Alors comment les camerounais peuvent-ils opérer le changement historique inéluctable qu'ils méritent tout en restant cohérent avec leur démarche? Je pense que c'est en prenant les devants avec cette fameuse élection de cette année qui n'a pas vraiment d'opposant contre le président sortant. A mon avis, Biya est face à Biya. Et c'est la pire des choses qui pouvait arriver à ce régime car il suffit donner le profil de ce président candidat à sa propre succession pour que plus d'un s'en émeuvent; son âge 77 ans et sa durée au pouvoir 28 ans suffisent pour que les observateurs ne comprennent pas qu'il demande un autre mandat de 7 ans. Si au moins il était un dictateur reconnu comme Mugabe, ce serait encore compréhensible, mais avec son image polissée et propre, il est son pire ennemi à cette élection. Sachant que Paul Biya doit se battre lui-même à cette élection de 2011, il est obligé de faire campagne lui-même pour son départ du pouvoir. C'est à dire résoudre entre autre le fait que malgré ses qualités, il est fédérateur, il reste un homme du passé. Sa manière de parler d'avenir semble en déphasage dans ce pays où plus de la moitié de la population aurait moins de 18 ans et qu'ils sont sur Internet, les téléphones portables, Trace TV etc.

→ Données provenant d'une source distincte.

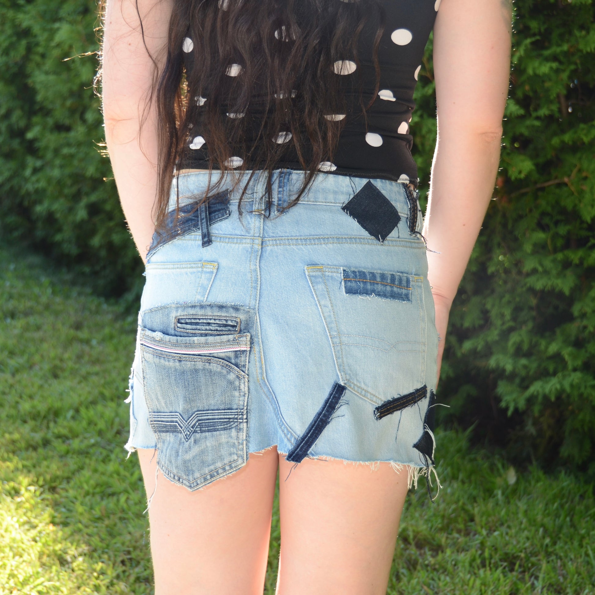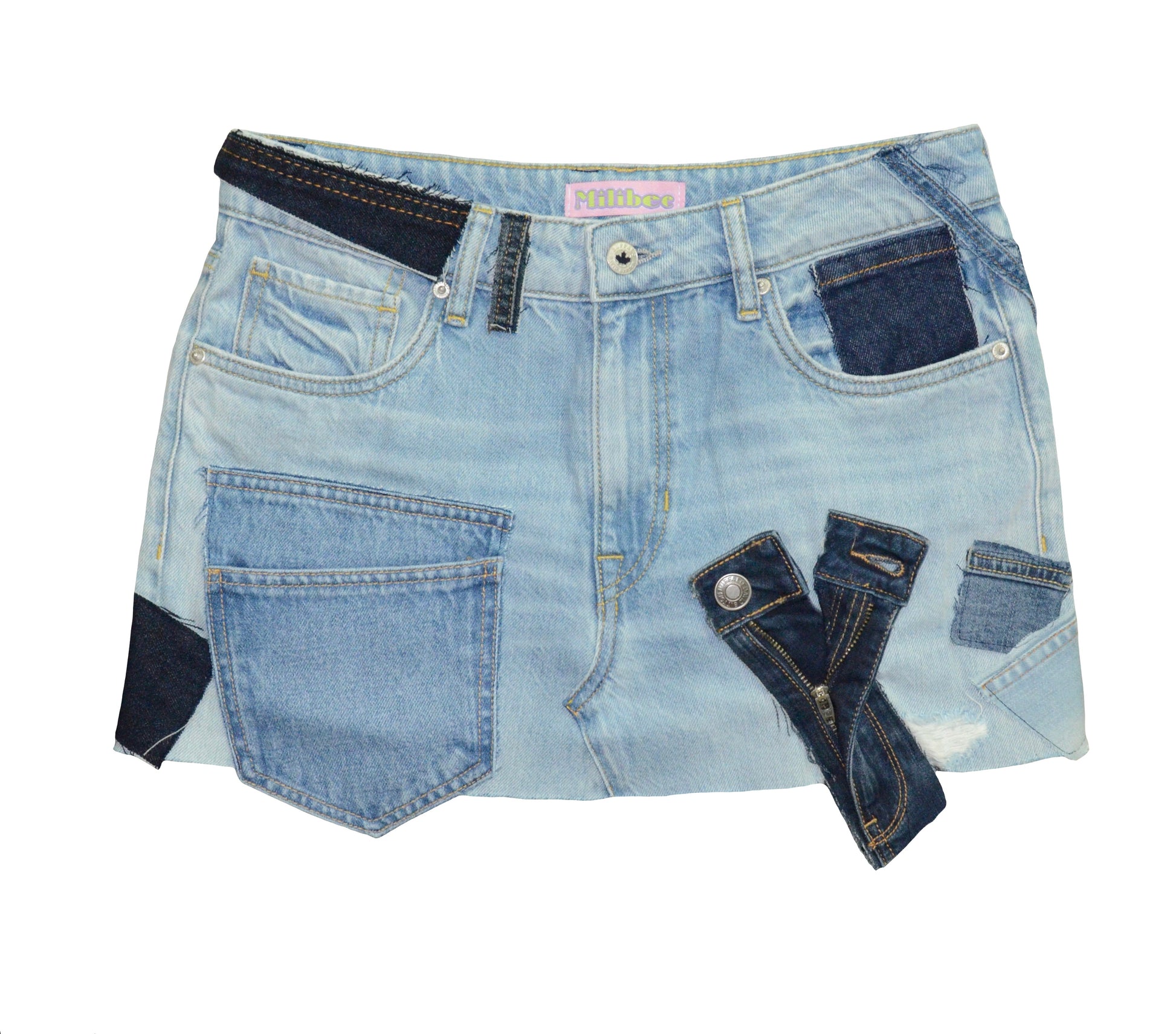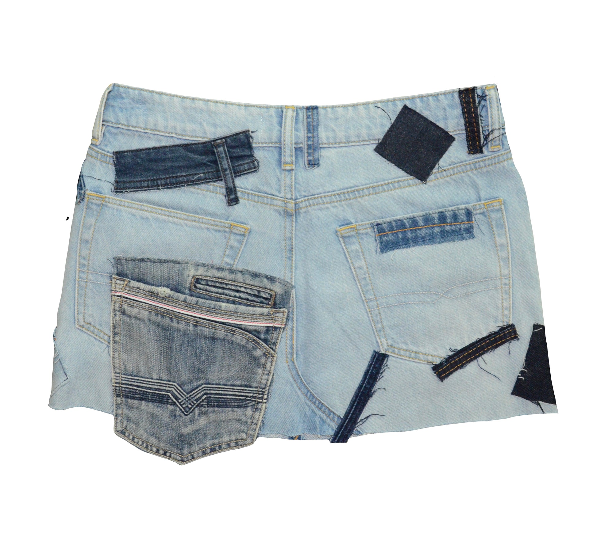 Handcrafted from recycled jeans. It has 5 pockets. Like most of our products, this skirt is unique.
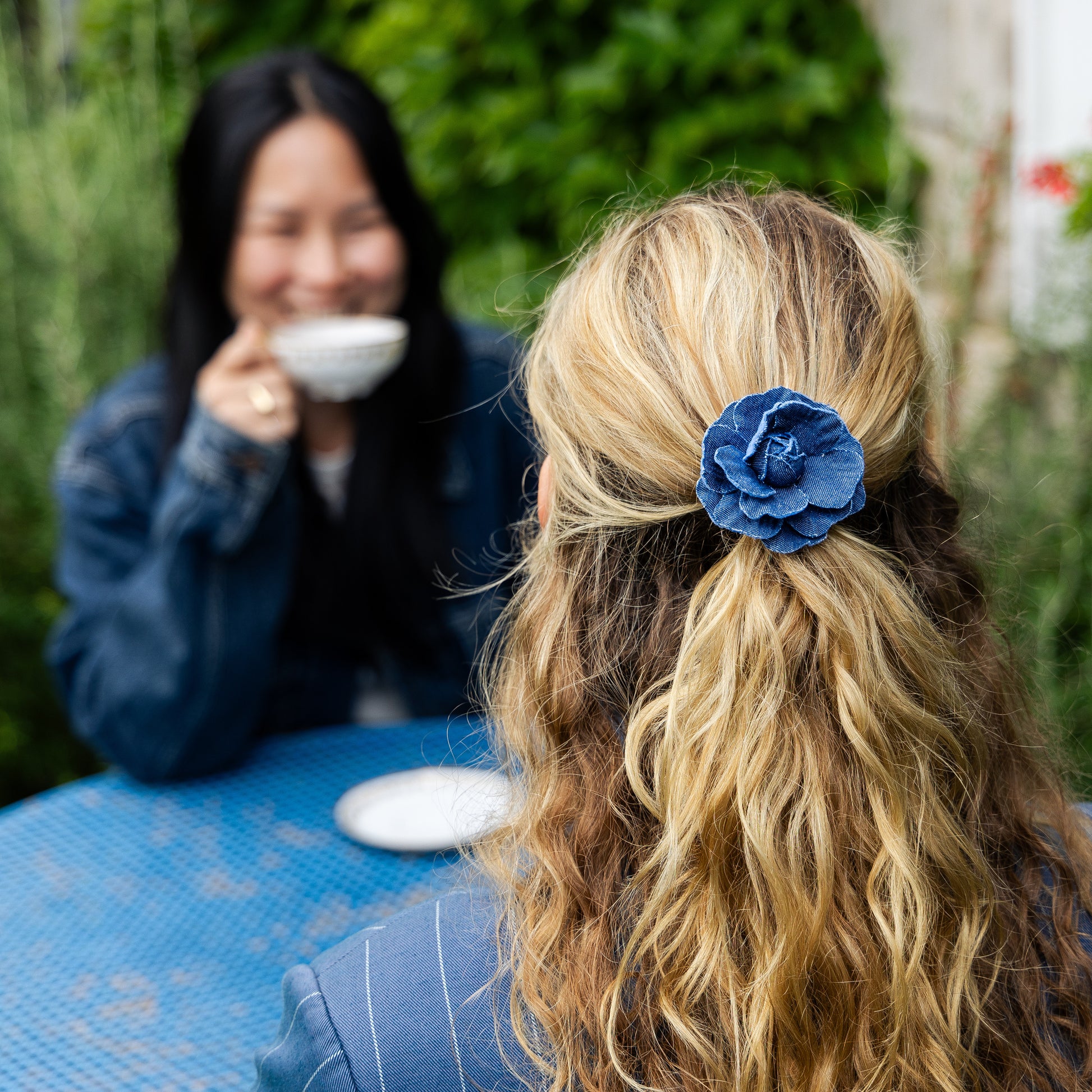 Verleihen Sie Ihrem Look mit diesem Haargummi in dunkler Jeansrosa eine einzigartige Note.
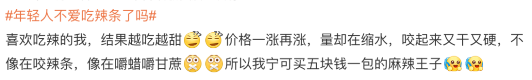 微博“年轻人不爱吃辣条了吗”的话题登上热搜。总结评论区的发言,年轻人并不是不爱吃辣条了,而是不接受“越来越贵的价格和退步的味道”,市面上越来越多的选择,也让年轻人不再只钟情于卫龙。
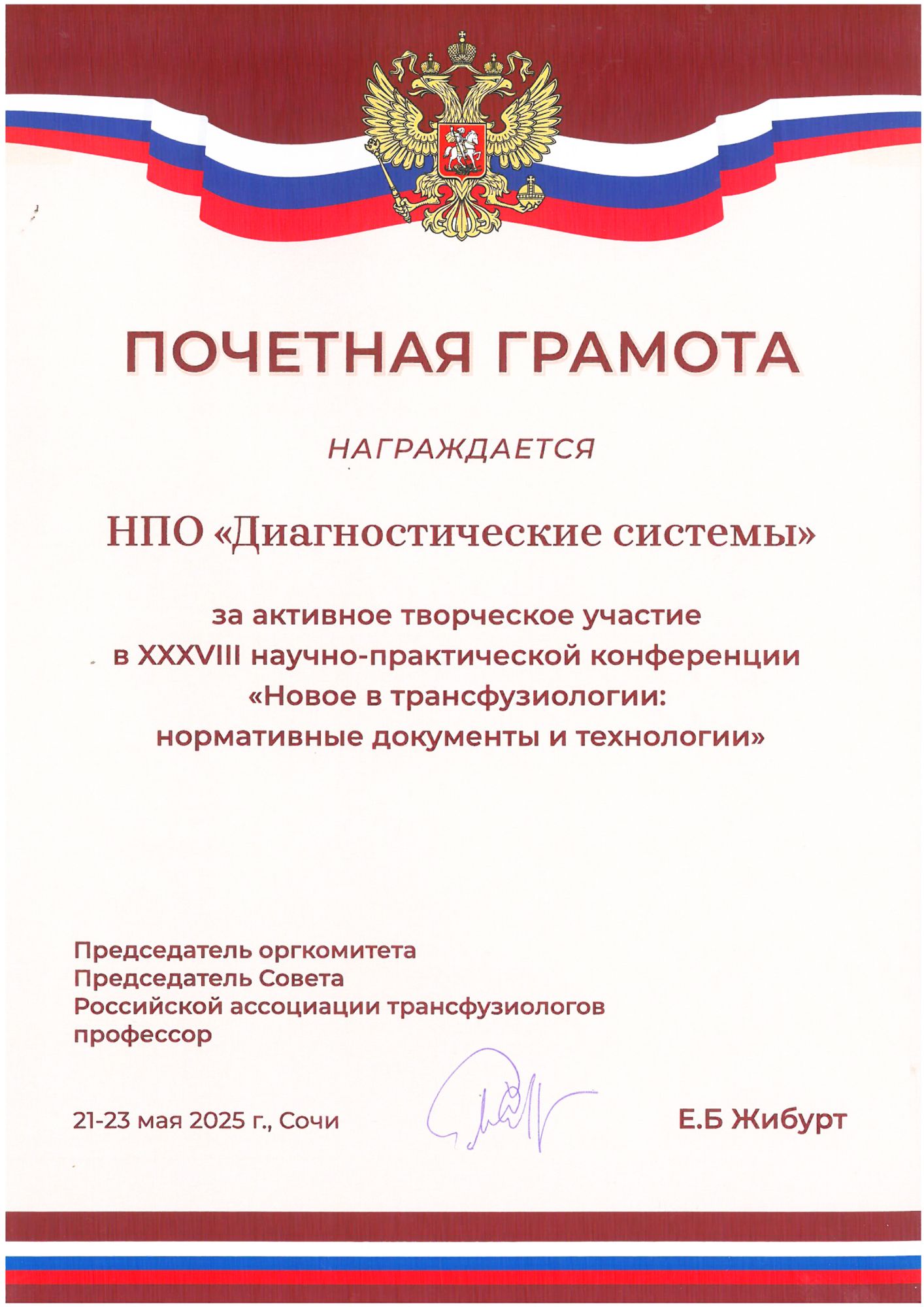 21-23 мая 2025 г. в Сочи прошла традиционная XXXVIII Всероссийская научно-практическая конференция (НПК) «Новое в Трансфузиологии. Нормативные документы и технологии».
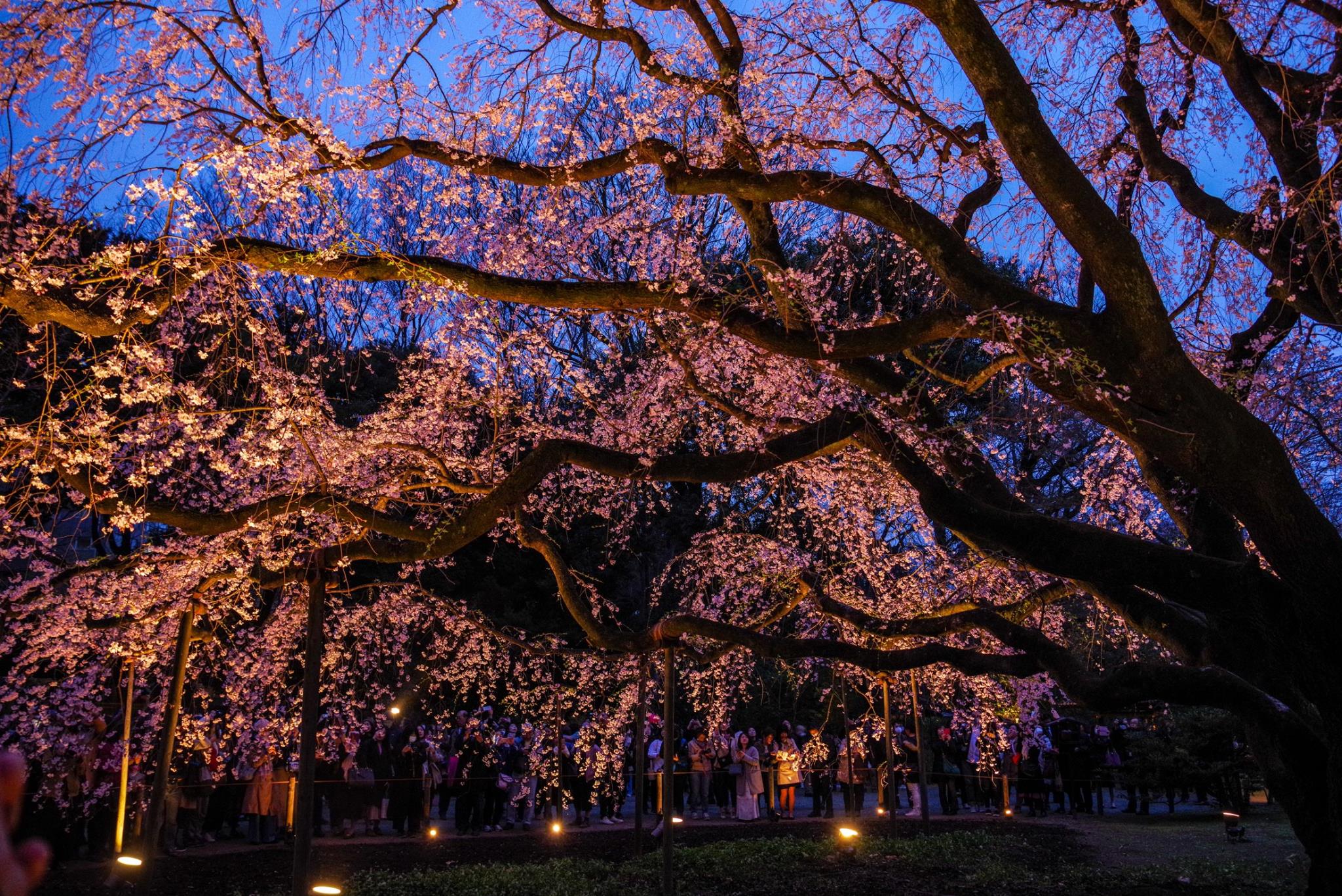 枝ぶりが良く、またパワーがあります。とても美しいです。空の色ライトアップの桜の色、良い時間ですね。
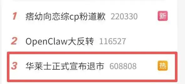 《新品略财经》关注到,3月11日,“华莱士正式宣布退市”话题冲上热搜,当天一度曾冲上微博热搜第三名,引发全网关注和热议。

Comment le Biya dédoublé pourrait-il alors organiser à la fois sa campagne, sa réélection et son départ? En d'autres termes, faire perdre le Biya 1 et faire gagner le Biya 2? Son système est-il seulement capable d'une telle approche ou bien serait-il lui même prisonnier de son temps? Une approche intelligente qui ferait que seuls les camerounais et le Cameroun soient gagnants! Vous avez compris c'est dans les médias que se joue l'avenir du Cameroun, pas les médias pensés et gérés à la manière de son ministre de la communication qui ignore à dessein que la télévision publique n'est pas un outils de propagande de l'Etat (qui lui-même est censé être mandaté par le peuple) , mais plutôt cet espace où par excellence se construit et se partage la conscience nationale collective sur la base de la diversité d'un pays comme le Cameroun. Et lorsque cet espace est confisqué pour devenir un lieu de manipulation, il ne reste que la rue comme espace d'expression du peuple, les exemples de la Tunisie et de l'Egypte sont là pour nous rafraîchir la mémoire.

Je propose donc que le Biya 2 anticipe et organise son « départ » en organisant une transmission aux jeunes qu'il laissera derrière lui. Il ne s'agit pas tant de faire un bilan du Biya 1 qu'il a fait lui-même à plusieurs reprises, mais plutôt faire une "répétition du futur" et de poser un geste à la postérité. Je propose que ce pacte avec la jeunesse de son pays soit un « happening » télévisuel futuriste diffusé dans le monde entier afin que le Cameroun puisse non seulement surprendre le monde entier et devenir le pays qui a fait mieux que la Tunisie et l'Egypte et la Cote d'Ivoire! Et les camerounais le méritent!